(Beginning of Supplied information)

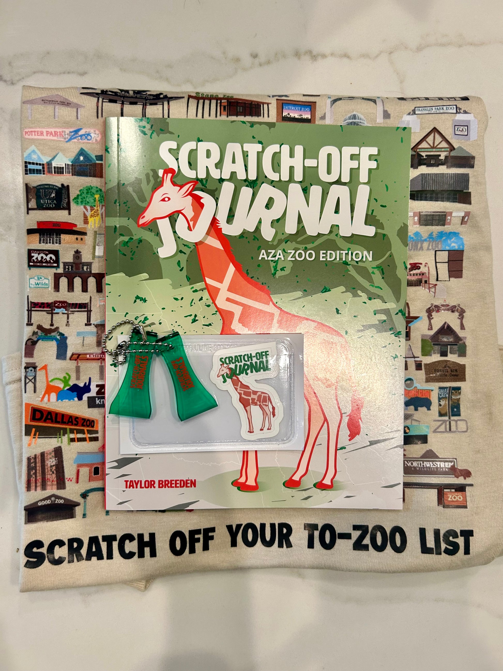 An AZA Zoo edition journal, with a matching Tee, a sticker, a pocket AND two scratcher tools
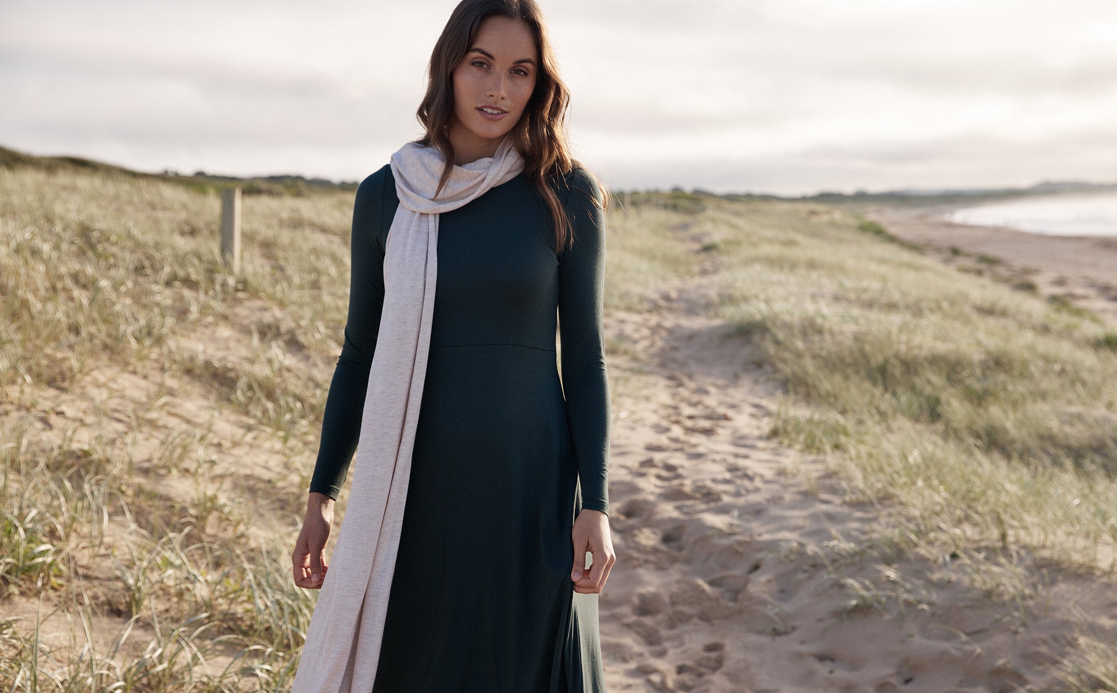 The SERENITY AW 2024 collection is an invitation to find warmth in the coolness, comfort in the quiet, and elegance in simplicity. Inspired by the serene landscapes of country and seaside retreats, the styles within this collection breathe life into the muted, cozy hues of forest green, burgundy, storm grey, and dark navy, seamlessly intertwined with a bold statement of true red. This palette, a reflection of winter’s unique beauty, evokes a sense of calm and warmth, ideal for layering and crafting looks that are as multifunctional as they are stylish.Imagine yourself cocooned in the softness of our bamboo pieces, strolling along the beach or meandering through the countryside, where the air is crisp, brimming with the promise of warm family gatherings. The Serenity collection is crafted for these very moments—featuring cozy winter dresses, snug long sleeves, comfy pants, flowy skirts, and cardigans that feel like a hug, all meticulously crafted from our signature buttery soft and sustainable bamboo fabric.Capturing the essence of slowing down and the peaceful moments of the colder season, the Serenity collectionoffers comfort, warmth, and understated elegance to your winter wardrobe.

(End of Supplied information)
(Beginning of Supplied information)

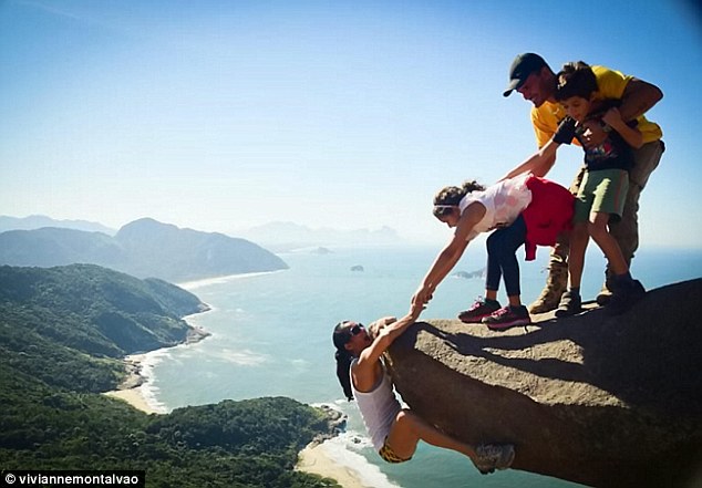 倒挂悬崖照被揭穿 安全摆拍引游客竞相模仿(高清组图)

(End of Supplied information)
(Beginning of Supplied information)

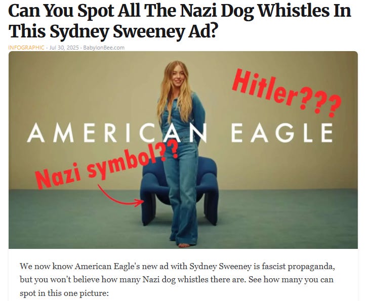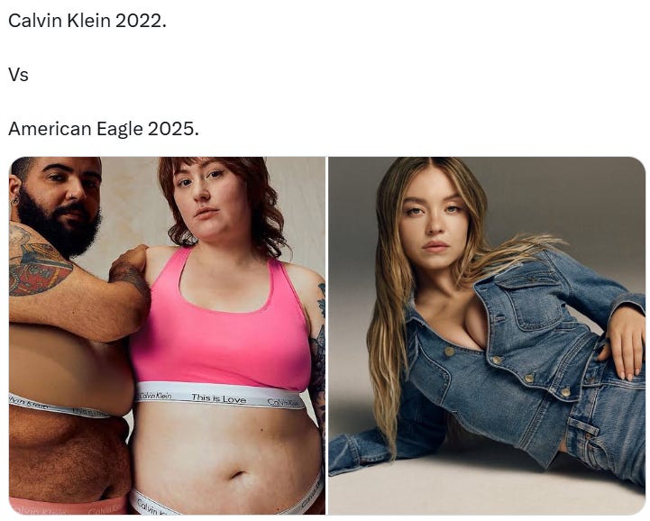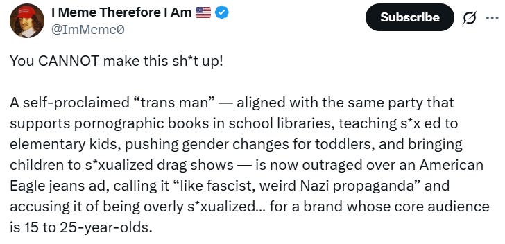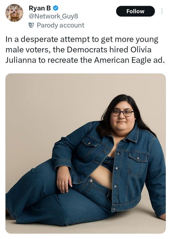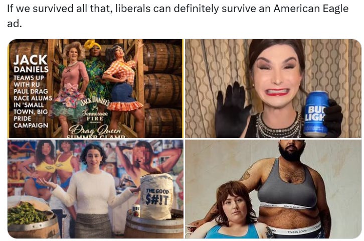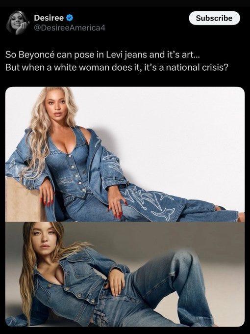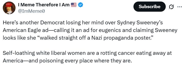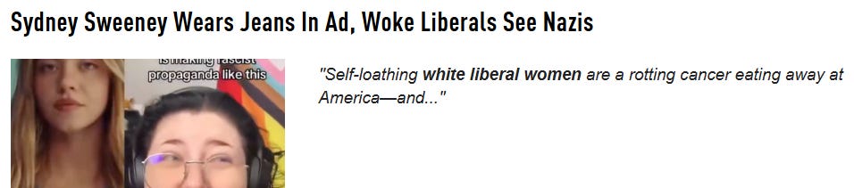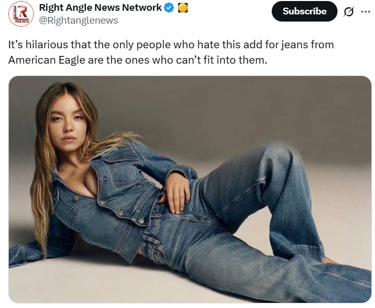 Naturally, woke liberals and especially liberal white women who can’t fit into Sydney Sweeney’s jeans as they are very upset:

(End of Supplied information)

Problem:
Each line above from the one containing "An AZA Zoo edition" through the one containing "The SERENITY AW" is to be returned verbatim. Nothing else, and no pictures.

Your response:
 An AZA Zoo edition journal, with a matching Tee, a sticker, a pocket AND two scratcher tools
 The SERENITY AW 2024 collection is an invitation to find warmth in the coolness, comfort in the quiet, and elegance in simplicity. Inspired by the serene landscapes of country and seaside retreats, the styles within this collection breathe life into the muted, cozy hues of forest green, burgundy, storm grey, and dark navy, seamlessly intertwined with a bold statement of true red. This palette, a reflection of winter’s unique beauty, evokes a sense of calm and warmth, ideal for layering and crafting looks that are as multifunctional as they are stylish.Imagine yourself cocooned in the softness of our bamboo pieces, strolling along the beach or meandering through the countryside, where the air is crisp, brimming with the promise of warm family gatherings. The Serenity collection is crafted for these very moments—featuring cozy winter dresses, snug long sleeves, comfy pants, flowy skirts, and cardigans that feel like a hug, all meticulously crafted from our signature buttery soft and sustainable bamboo fabric.Capturing the essence of slowing down and the peaceful moments of the colder season, the Serenity collectionoffers comfort, warmth, and understated elegance to your winter wardrobe.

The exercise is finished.